Durante esta semana, indígenas de todo se mobilizam contra o marco temporal na demarcação de terras dos povos tradicionais. Em Brasília, um acampamento foi montado perto da Esplanada dos Ministérios, que reúne representantes de povos de vários estados.

O movimento espera reunir mais de 2 mil indígenas na capital federal, até que seja encerrado o julgamento da questão no Supremo Tribunal Federal. Também há previsão de manifestações nos estados.

Na semana passada, a Câmara dos Deputados aprovou o texto-base do Projeto de Lei 490/07, que prevê que os povos indígenas e tradicionais terão direito somente às terras que ocuparam até 5 de outubro de 1988, data da promulgação da Constituição Federal. O texto vai agora pela análise do Senado, que pode manter o marco temporal ou não.

Nesta quarta-feira (7), o Supremo Tribunal Federal (STF) retoma julgamento que avalia a legalidade da tese do marco temporal, ou seja se a data de promulgação da Constituição pode ser usada como parâmetro para definir as demarcações de terras dos povos tradicionais.
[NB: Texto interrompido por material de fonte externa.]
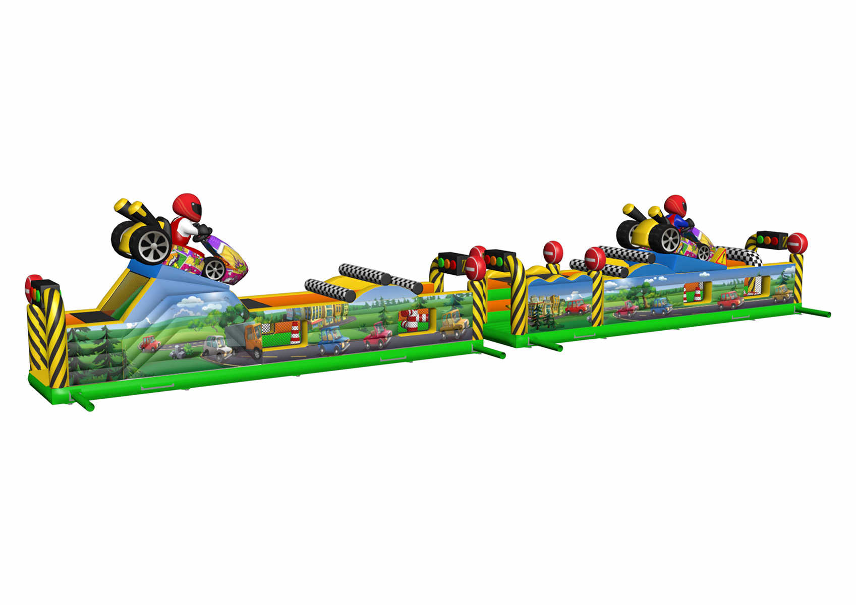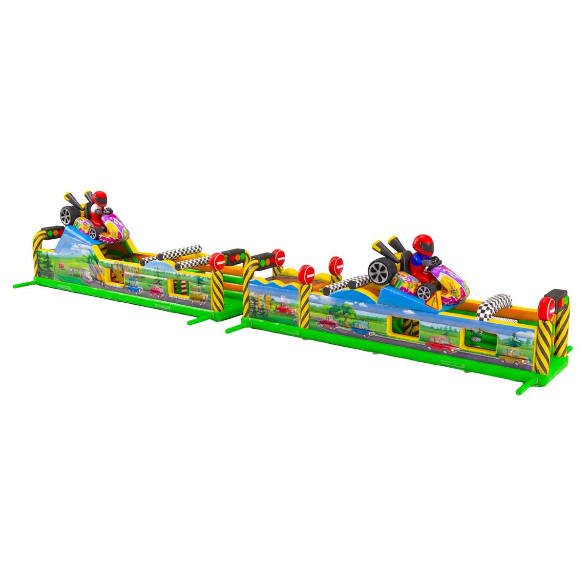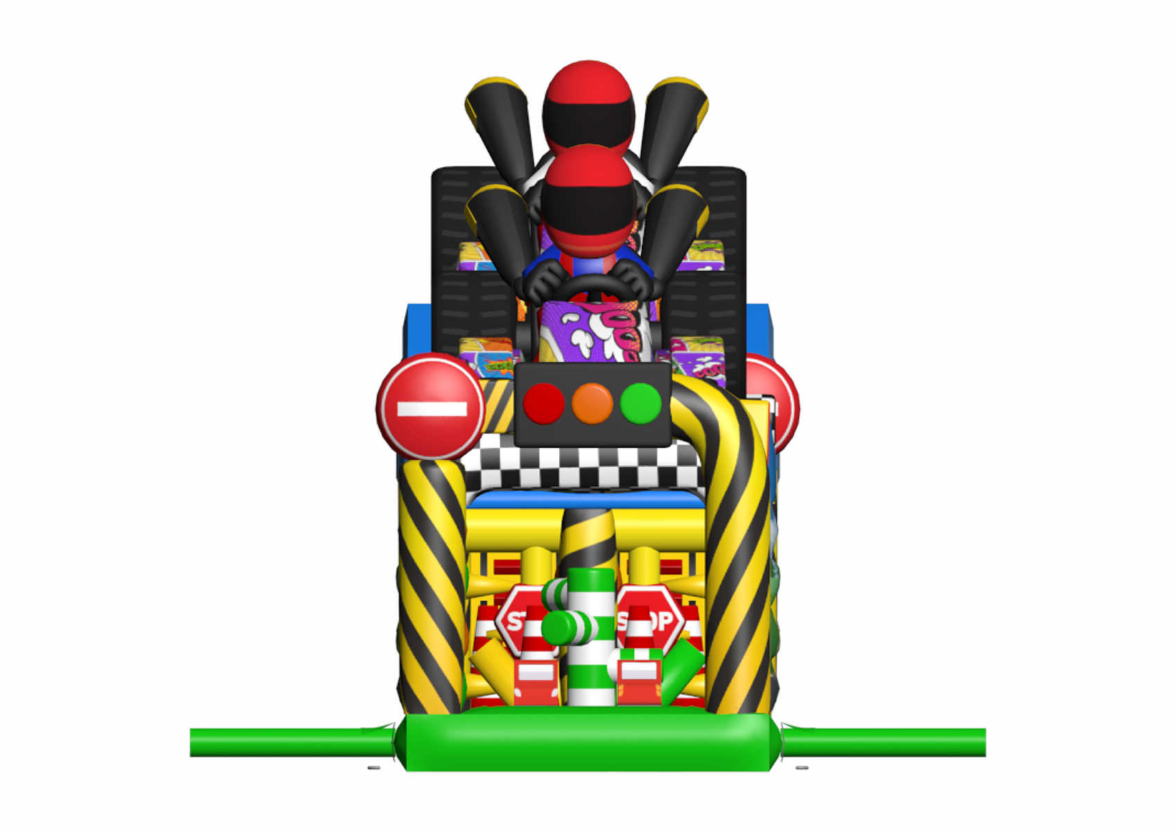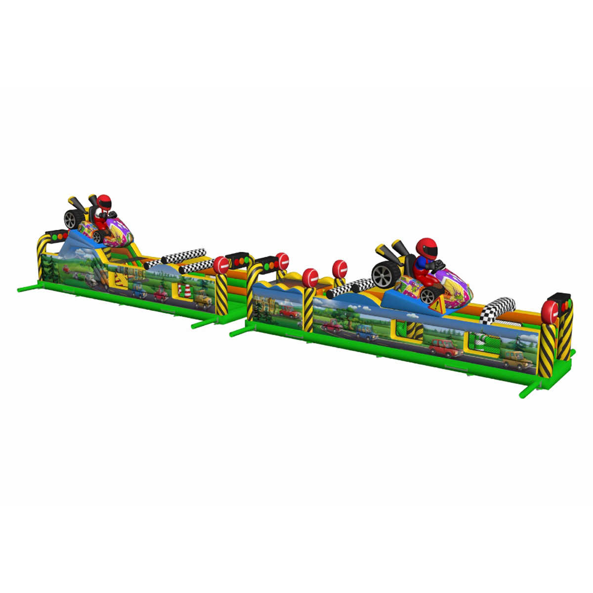 Коммерческая надувная полоса препятствий «Гран-при» — это не просто детский аттракцион, а настоящий гоночный трек в миниатюре. С первого взгляда он привлекает яркими цветами, гоночными машинами, финишными флагами и фигурами пилотов. Такой аттракцион становится визуальным центром на любом мероприятии: будь то городской праздник, фестиваль, корпоратив или семейный день.
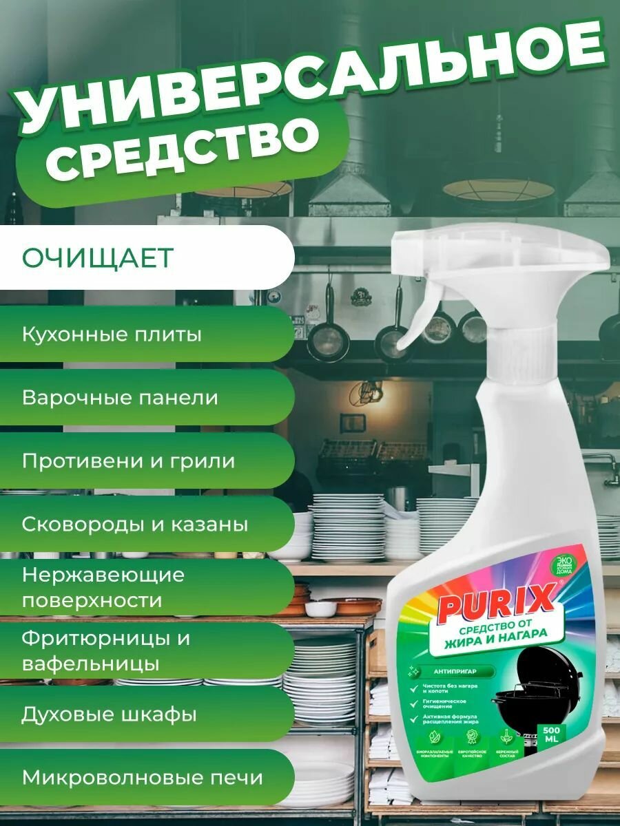 Чистящее средство от жира и нагара Антипригар Purix для гриля, варочной плиты и вытяжки 500мл интересное:
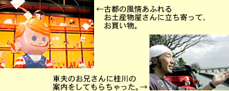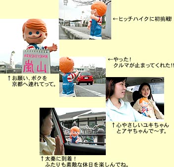 乗せてくれてありがとう。やさしい女の子は、ユキちゃんとアヤちゃん。二人は幼なじみで、今日は京都の太秦の映画村へ遊びに行くんだって。
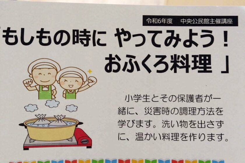 熊本市中央公民館主催親子防災講座で、徳山が防災料理講座をさせていただきました

“Além de existirem povos indígenas no Brasil, constituições anteriores a 88 garantiam aos povos indígenas os seus territórios. A Constituição Federal de 88 já traz Artigo 231, direito de cláusula pétrea, então não pode ser mexido, a não ser com uma nova Constituição”, disse o coordenador executivo da Articulação dos Povos Indígenas do Brasil, Kleber Karipuna.

STF

O processo que motivou o julgamento na Corte trata da disputa pela posse da Terra Indígena (TI) Ibirama, em Santa Catarina. A área é habitada pelos povos Xokleng, Kaingang e Guarani, e a posse de parte da TI é questionada pela procuradoria do estado.

O placar do julgamento está empatado em 1 a 1: o ministro Edson Fachin votou contra a tese do marco temporal, e Nunes Marques se manifestou a favor.

A análise foi suspensa em setembro de 2021 após um pedido de vista do ministro Alexandre de Moraes. 

A decisão do Supremo não valerá apenas para esse território, mas para todos os casos relacionados a disputas envolvendo áreas indígenas.